To estimate penetrance, the status of one affected relative per family was considered as unknown; there were therefore 20 affected relatives from 12 families, of whom 15 were tested for GBA mutations: 12 were mutation carriers (1, n = 11, 2, n = 1). Under a dominant model, the cumulative PD risk was estimated as 7.6%, 13.7%, 21.4%, and 29.7% at 50, 60, 70, and 80 years, respectively, in GBA mutation carriers (figure). Under a codominant model, the corresponding figures were 7.2%, 12.3%, 18.9%, and 27.1% in carriers of 1 GBA mutation and 9.1%, 35.4%, 46.6%, and 46.6% in carriers of 2 mutations. Although there was a trend toward higher penetrance in carriers of 2 mutations compared with carriers of 1 mutation, the codominant model was not significantly better than the dominant model (p = 0.26). There was no evidence in favor of different penetrance in men and women (data not shown). There was no significant difference (p = 0.44) in penetrance at 70 years between N370S carriers (19%), L444P carriers (30%), and carriers of rarer mutations (21%). PD risk in noncarriers was 0%, 0.4%, 1.2%, and 2.5% at 50, 60, 70, and 80 years of age, respectively.

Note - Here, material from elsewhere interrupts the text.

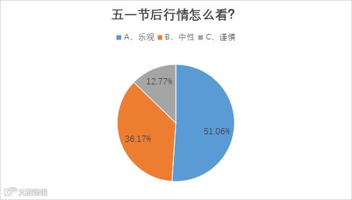 对于“五一”假期后的市场表现,私募排排网调查结果显示,51.06%的私募持乐观态度,认为一季报落地叠加政策面效果逐步显现,看好节后A股行情;36.17%的私募对节后行情持中性态度,认为市场可能会延续震荡;仅有12.77%的私募对“五一”后的市场表现持谨慎态度。

Estimated age-specific cumulative risk (penetrance) of PD in glucocerebrosidase gene mutation carriers (red line; 95% confidence interval, black lines) compared with the cumulative risk in noncarriers (blue line) derived from incidence figures in a Caucasian population.7
DISCUSSION
We estimated that PD penetrance in GBA mutation carriers is 29.7% at 80 years under a dominant model. This relatively high penetrance estimate should lead to consideration of GBA as a PD causal dominant gene. Moreover, it should be taken into account for genetic counseling in relatives of patients with GD or with GBA-associated PD. This penetrance estimate is similar to that of the LRRK2 G2019S mutation, which is considered a dominant PD gene.9,10 As for the LRRK2 G2019S mutation, the incomplete penetrance of PD in GBA carriers limits the predictive value of presymptomatic testing, which would be relevant if disease modifier PD treatments were available.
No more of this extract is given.